The House of Elefánthy (also spelled Elefánty or Elefánti) were one of the oldest noble families in the Kingdom of Hungary. At their peak during the Middle Ages, the family rose to an influential and wealthy position.

==Origins==
The exact origins of the family are unknown. Some authors believe the Elefánthy to be a branch of the Ludány kindred, which itself was a branch of the genus Hont-Pázmány. The eminent 18th-century polymath Matthias Bel, in his Notitia Hungariae novae historic-geographia, writes that a 12th-century ancestor of the family was part of King Coloman's delegation to Sicily to propose a royal marriage.
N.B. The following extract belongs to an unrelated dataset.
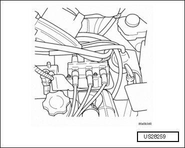 - Disconnect the wiring harness electrical connector from the ignition coil.

This ancestor was gifted an elephant in Sicily, which he brought back and presented to the King, who in return gave him the original estates in Nyitra County.

A more recent theory as to the unique name and coat of arms of the family suggests that Elefánth could have been a personal name, derived from the French Oliphant, an ivory horn made popular in court circles during the Middle Ages from the knightly romance Chanson de Roland. An ancestor of the family may have been named after some such splendid hunting horn.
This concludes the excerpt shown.